Protocol on Rishav's Digital Garden

SPI

Wed, 05 Feb 2025 23:06:00 +0000

SPI (Serial Peripheral Interface)

Overview

Synchronous, full-duplex serial bus.
Master-slave architecture (1 master, multiple slaves).
Uses 4 wires:
- SCLK (clock), MOSI (Master Out Slave In), MISO (Master In Slave Out), SS/CS (Slave Select).

Physical Layer

Push-pull outputs (faster than open-drain).
Each slave requires a dedicated SS line.

Data Frame Structure

No start/stop bits – continuous stream synchronized to SCLK.
Data sampled on clock edges defined by CPOL (clock polarity) and CPHA (clock phase):
- Mode 0: CPOL=0 (idle low), CPHA=0 (sample on rising edge).
- Mode 3: CPOL=1 (idle high), CPHA=1 (sample on falling edge).

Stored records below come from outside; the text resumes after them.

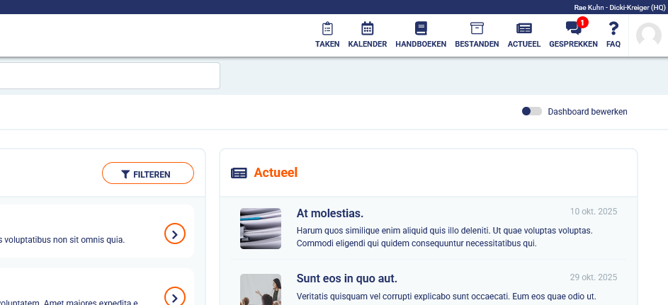 Op veler verzoek hebben we de module Berichten uitgebreid én hernoemd naar Gesprekken. Naast groepsgesprekken waarbij u zelf het onderwerp bepaalt, kunt u nu ook rechtstreeks een gesprek starten bij een taak. Zo blijft alle communicatie overzichtelijk bij de Taak beschikbaar, waardoor afspraken en besluiten eenvoudig herleidbaar en aantoonbaar zijn. U stemt bovendien moeiteloos af met collega’s, zonder extra taken aan te maken of via e-mail te communiceren.
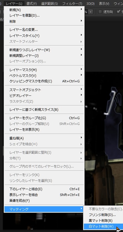 レイヤー→マッティング→白マット削除
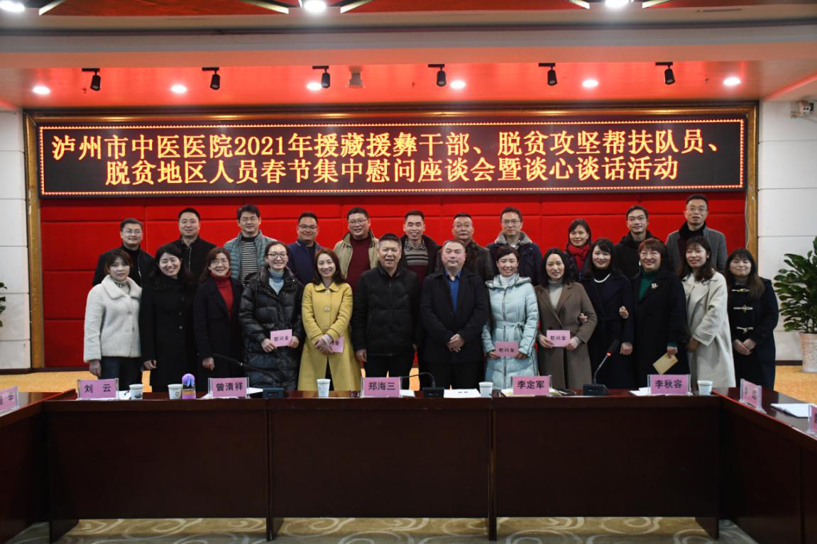 2月5日,瀘州市中醫(yī)醫(yī)院召開了援藏援彝干部、脫貧攻堅綜合幫扶隊員、脫貧地區(qū)人員春節(jié)集中慰問座談會。會議由醫(yī)院黨委副書記李定軍主持。醫(yī)院黨委書記、院長鄭海三、相關(guān)職能部門負責人,援建干部參加會議。
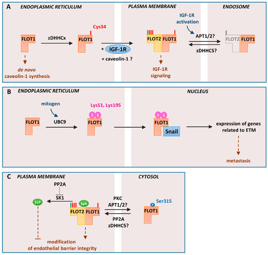 Cellular localization and functioning of flotillin-1 regulated by S-palmitoylation, sumoylation, and serine phosphorylation: (A). Trafficking from the endoplasmic reticulum to the plasma membrane. Newly synthesized flotillin-1 is S-palmitoylated by unidentified zDHHC (zDHHCx). This acylation determines trafficking of flotillin-1 to the plasma membrane concomitant with IGF-1 receptor (IGF-1R) trafficking. The exit of S-palmitoylated flotillin-1 can also mediate efflux of caveolin-1 from the endoplasmic reticulum protecting the endoplasmic reticulum from stress, which otherwise would inhibit the synthesis of caveolin-1. At the plasma membrane, flotillin-1 forms hetero-oligomers with flotillin-2 and, upon activation of IGF-1R, undergoes depalmitoylation/repalmitoylation required for prolonged receptor signaling. zDHHC5 and protein depalmitoylases—acyl-protein thioesterase-1/2 (APT1/2) or ABHD17 proteins—probably catalyze these reactions. Since the S-palmitoylation of flotillin-1 is required for its plasma membrane localization, depalmitoylation can be linked with its cycling between the plasma membrane and endosomes either alone or with flotillin-2. (B) Regulation of gene expression in metastatic prostate cancer cells: In these cells, non-palmitoylated flotillin-1 in the endoplasmic reticulum undergoes sumoylation at Lys51 and Lys159 with SUMO-2/3. The reaction is catalyzed by the E2 ligase UBC9. Sumoylated flotillin-1 translocates to the nucleus, binds Snail transcription factor, and protects it from proteasomal degradation. This triggers expression of genes related to ETM transition and metastasis. (C) Endothelial barrier regulation: In endothelial cells, flotillin-1 can be phosphorylated at Ser315 by protein kinase C (PKC). The phosphorylated and probably depalmitoylated flotillin-1 localizes to the cytosol. Subsequent dephosphorylation of flotillin-1 by PP2A allows its plasma membrane association, likely correlated with S-palmitoylation catalyzed by zDHHC5. PP2A-dephosphorylated flotillin-1 contributes to endothelial barrier integrity and angiogenesis. PP2A also inhibits the activity of SK1 which catalyzes phosphorylation of sphingosine, a lipid bound by flotillins. P, phosphorylation; S, sumoylation; Sph, sphingosine. N-myristoylation and S-palmitoylation are marked by green and red bars, respectively.
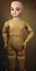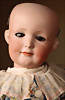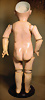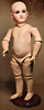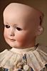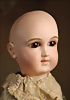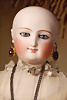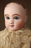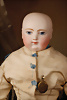 „Le Petit Parisien“ Figure C, Bébé Steiner, Größe 1, Jules Steiner, Paris, um 1889, 41 cm, Porzellankopf-Puppe, weich gerundete Gesichtsform mit ausgeprägt vollen Wangen, gepresster Kurbelkopf, große blaue Glas-Paperweight-Augen von bemerkenswerter Tiefe werden durch dunklen Lidstrich, fein gemalte Wimpern und rosé schattierte Lider, betonter modellierter geschlossener Mund, durchst. Ohren, Ohren fein ausmodell., minim. Fehlstelle am linken Augenlid, franz. orig. Steiner Gliederkörper, 1x übermalt, Papiermaché-Deckel, Perücke stark ausgegangen, feste Handgelenke Zustand: feinster Biskuit-Kopf, zarter Haarriss am Hinterkopf, minimaler Chip am linken Auge
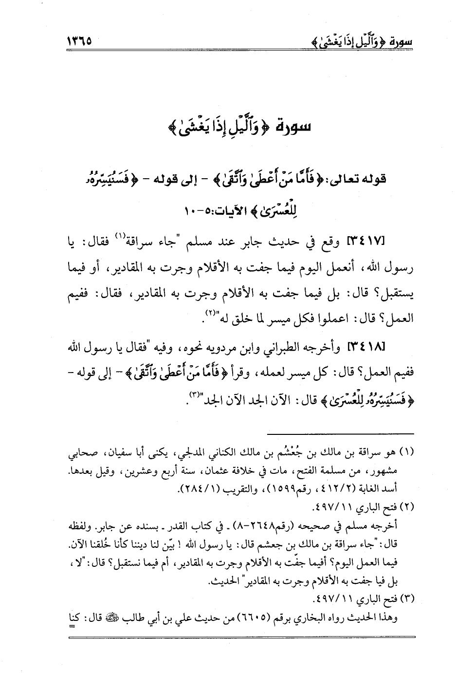 [3418] وأخرجه الطبراني وابن مردويه نحوه، وفيه "فقال يا رسول الله ففيم العمل؟ قال: "كل ميسر لعمله"، وقرأ {فَأَمَّا مَنْ أَعْطَى وَاتَّقَى} - إلى قوله - {فَسَنُيَسِّرُهُ لِلْعُسْرَى} قال: الآن الجد الآن الجد" 3.
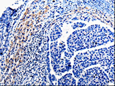 The image on the left is immunohistochemistry of paraffin-embedded Human liver cancer tissue using CSB-PA947265(CDC20 Antibody) at dilution 1/10, on the right is treated with fusion protein. (Original magnification: ×200)
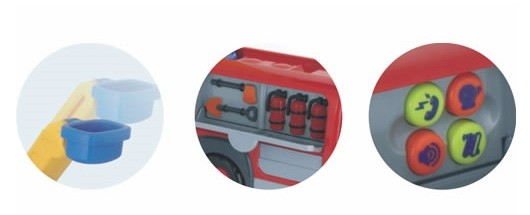Atentie - pompierii sunt la datorie! O masina de pompieri completa, cu toate detaliile necesare: platforma care se ridica, girofaruri, sunete de motor si alte 4 sunete aditionale - telefon, alarma, sirena si scara care se ridica.   Soferul si colegul sau "vorbesc" cand sunt apasati.   Bateriile sunt incluse.  Dimensiuni: 35 cm lungime, 44 cm inaltime, cu platforma mobila ridicata.
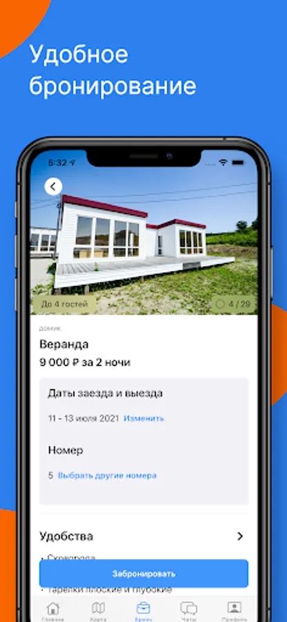 To get started, the application should be installed in order to learn more about the base and book a room or a house on its territory. Each type of residence is described in detail. The description includes services that are included in the price of rooms and their equipment, as well as the location at the base.
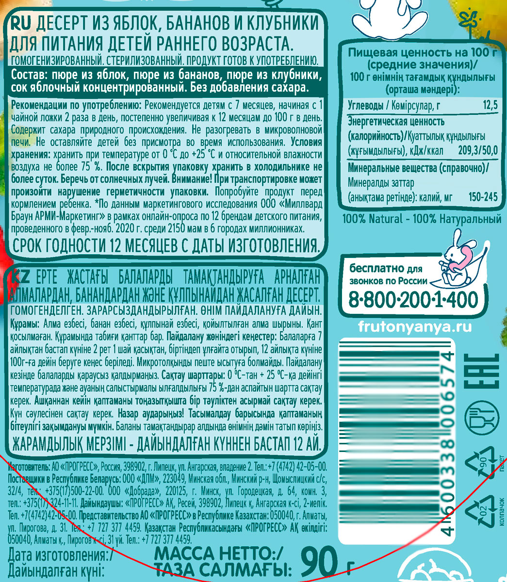 Пюре ФрутоНяня яблоко банан клубника 90 г
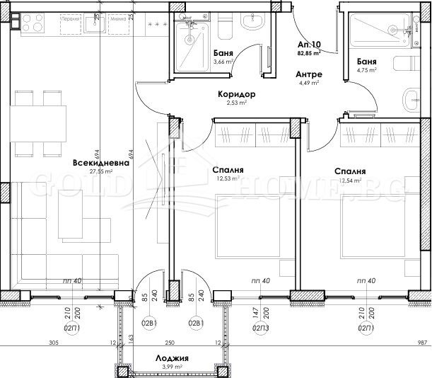 Входно антре, всекидневна с кухненски бокс, две непреходни спални, две бани с тоалетна, тераса.
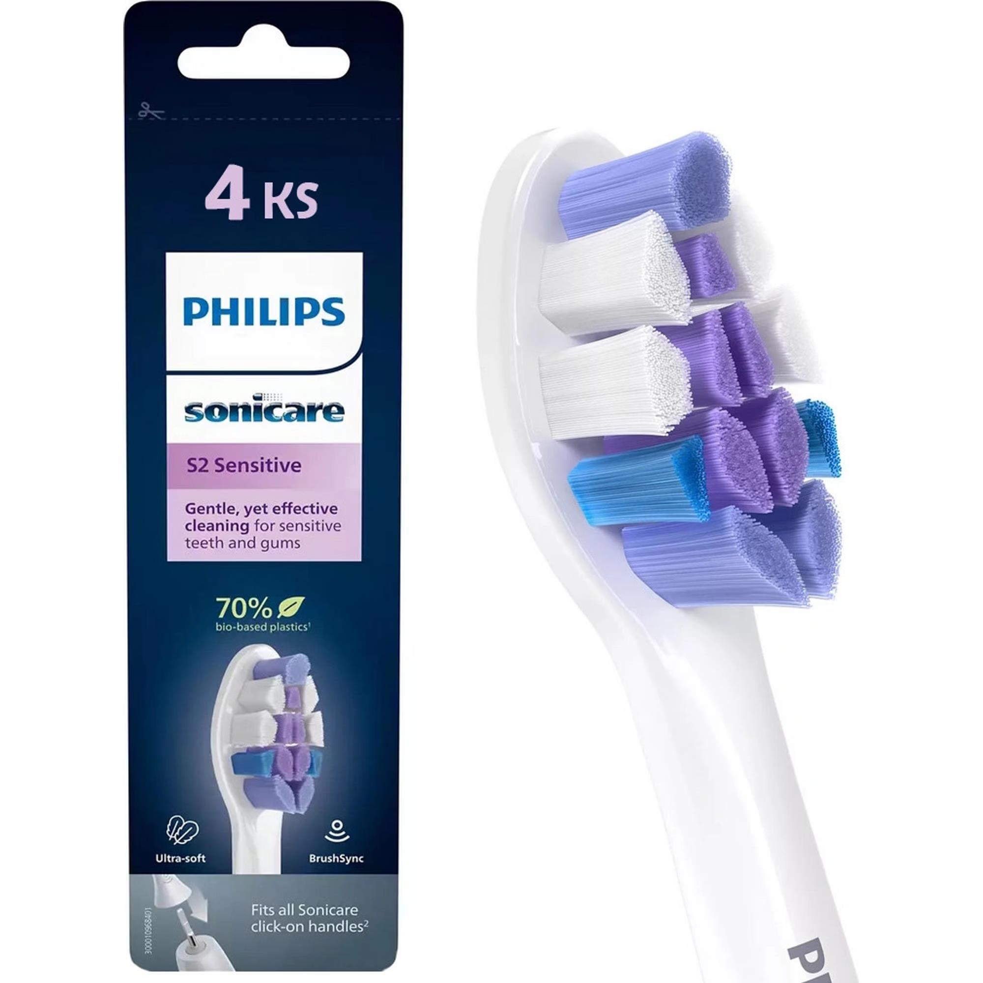 Philips HX6054/87 Sonicare Sensitive S2 4 ks, náhradní hlavice, standardní hlavice, nasazovací, bílá

SCLK | MOSI (Data from Master) | MISO (Data from Slave) | CS (Active Low)

Key Features

Full-duplex communication (simultaneous MOSI/MISO).
No addressing – slaves selected via SS lines.
Speeds: Up to 100+ Mbps (depends on hardware).

Pros & Cons

Pros	Cons
High-speed communication	High pin count (n+3 for n slaves)
Simple protocol, flexible modes	No built-in error detection
Full-duplex support	No multi-master support

Use Cases

High-speed sensors (e.g., IMUs).
Display controllers (OLED, TFT).
SD cards, NOR flash memory.

Comparison Table

Feature	UART	I2C	SPI
Clock	None (async)	Shared (SCL)	Shared (SCLK)
Duplex	Full-duplex	Half-duplex	Full-duplex
Topology	Point-to-point	Multi-device	Master-slave
Speed	Low (≤115kbps)	Moderate (≤3.4Mbps)	High (≥10Mbps)
Addressing	None	7/10-bit	Hardware (SS lines)
Pins	2 (TX/RX)	2 (SCL/SDA)	4 + n (SS per slave)
Error Handling	Parity bit	ACK/NACK	None

UART

Wed, 05 Feb 2025 22:14:00 +0000

UART (Universal Asynchronous Receiver-Transmitter)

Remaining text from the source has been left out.